Nitric oxide involvement in estrous cycle-dependent changes of the behavioral responses of female rats in the elevated plus-maze test

Nitric oxide (NO)/cGMP pathway is known as a mediator in anxiety modulation. In this study, we assessed the involvement of NO pathway in the estrous cycle-related changes of anxiety level in rat. By using elevated plus-maze test, we studied the changes of serum nitrate and nitrite (NOx) levels in comparison to the estrous cycle-dependent changes of anxiety state. Then, we tested the effects of nitric oxide synthase (NOS) inhibitor, L-NAME (10, 60 mg/kg, i.p.), and the NO precursor, l-arginine (100 mg/kg, i.p.) on anxiety modulatory properties of exogenous ovarian hormones in ovariectomized (OVX) rats. Compared with other cycle phases and with OVX rats, cycling rats spent more time in open arms and had lower levels of serum NOx levels during metestrous while they spent less time in open arms and had lower levels of serum NOx levels during proestrous. In OVX rats, L-NAME (60 mg/kg, i.p.) exerted anxiolytic effect while l-arginine showed no effect. In comparison with corn oil-treated controls, estradiol benzoate (10 μg/kg, subcutaneously (s.c.)) significantly increased the serum NOx level and exerted anxiogenic effect, which was dose-dependently inhibited by L-NAME but was not changed by l-arginine.
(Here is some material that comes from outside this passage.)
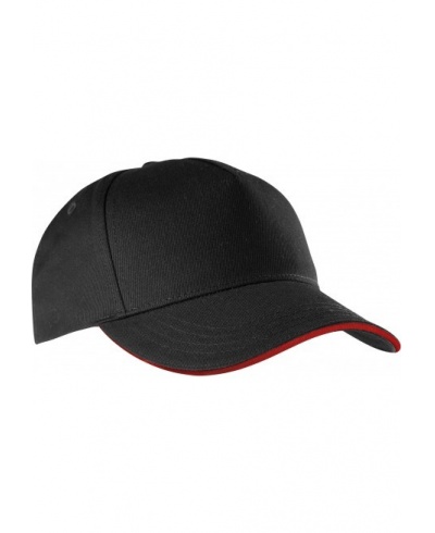 100% cotton twill. 5 laminated panel cap with contrasted sandwich peak and cotton sweatband. Size adjuster with tear release fastening.
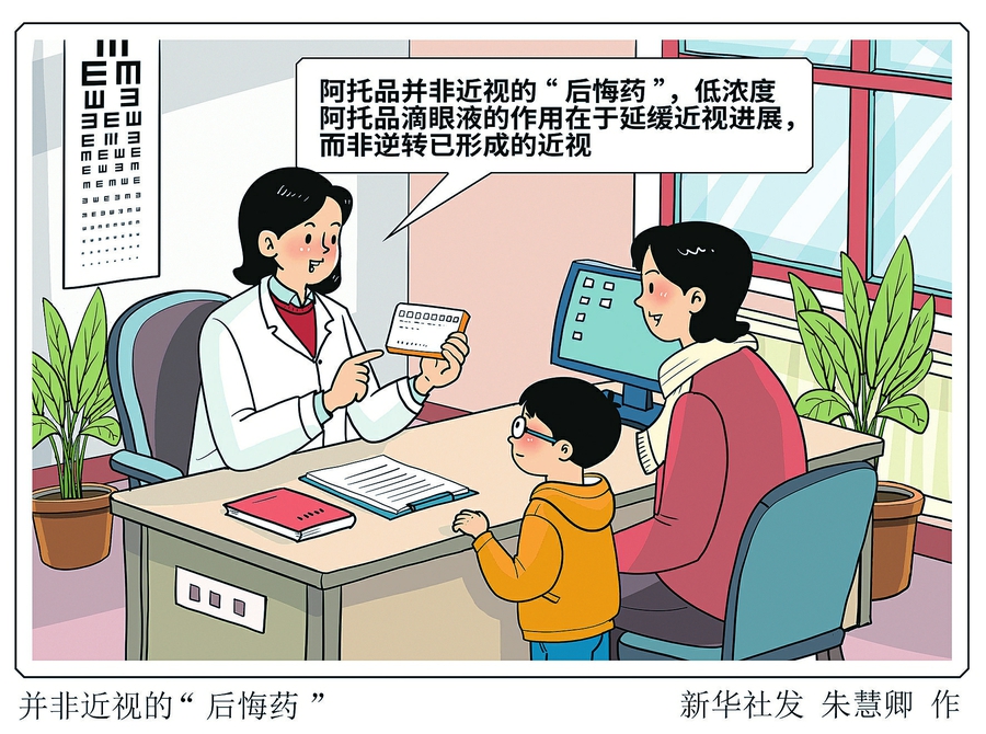 需要明确的是,阿托品并非近视的“后悔药”。“还有一些家长会误以为用了阿托品视力就能恢复回来,无需配镜”。付晶说,低浓度阿托品滴眼液的作用在于延缓近视进展,而非逆转已形成的近视。儿童一旦确诊近视,仍需佩戴度数合适的足矫眼镜。

In contrast, progesterone (25 mg/kg, s.c.) significantly decreased the serum NOx level and exerted anxiolytic effect, which was abolished by l-arginine but was not affected by L-NAME. These findings suggest that NO system might be involved in the estrous cycle-related changes of anxiety level, probably by mediating the effect of ovarian sex hormones.